Two of industrial gases firm Air Liquide’s electrolyser projects have taken a major step towards FID following a decision by the Dutch state to offer them support through the EU’s Important Projects of Common European Interest (IPCEI) Hy2Use programme.
The Elygator and Curthyl developments will each have 200MW of electrolyser capacity and produce a total of around 30,000t/yr green hydrogen.
Elygator will be located in Terneuzen and Curthyl at the Maasvlakte 2 ‘conversion park’ in Rotterdam.
The green hydrogen will be integrated into Air Liquide’s existing portfolio of assets, displacing existing grey hydrogen supply and cutting emissions by some 5mn t CO₂ over the period of operation.
200MW — Size of electrolysers
“Air Liquide is very pleased with the Dutch authorities’ recognition of the uniqueness of its two renewable hydrogen flagship projects in the Netherlands,” says Pascal Vinet, senior vice-president at the company.
“The group remains more than ever committed to making low-carbon hydrogen a driving force of the energy transition.”
The financial value of the support was not disclosed.
Air Liquide will invest €8bn ($8.8bn) in the hydrogen value chain by 2035, according to its latest strategy document. As a result of these investments, the firm estimates it will see sales in hydrogen rise from current levels of €2bn/yr to €6bn/yr by 2035.
Air Liquide is involved at different points in the hydrogen supply chain including production, storage and distribution.
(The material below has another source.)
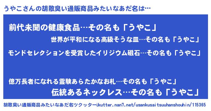 | ヘコむあだ名 | 『うやこ(笑)』『うやぷりん』『豆乳』 |

The group is also committed to decarbonising its own operations, aiming to reduce its scope one and two emissions by 33pc by 2035 and to reach carbon neutrality by 2050.
Under EU state aid rules, member countries cannot distort competition by providing state aid to domestic industry unless that aid is judged to be beneficial to other member states as well.
The IPCEI programme was designed to allow projects that construct large-scale infrastructure of importance to all EU member states to be compliant with these state aid rules.
The Hy2Use scheme was jointly prepared by 13 member states: Austria, Belgium, Denmark, Finland, France, Greece, Italy, Netherlands, Poland, Portugal, Slovakia, Spain and Sweden.
It contains 19 further projects around the EU, in addition to Air Liquide’s two Dutch projects.
IPCEI Hy2Use follows and complements the first IPCEI on the hydrogen value chain, the IPCEI Hy2Tech, which the Commission approved in July and which contains 14 industrial technology projects.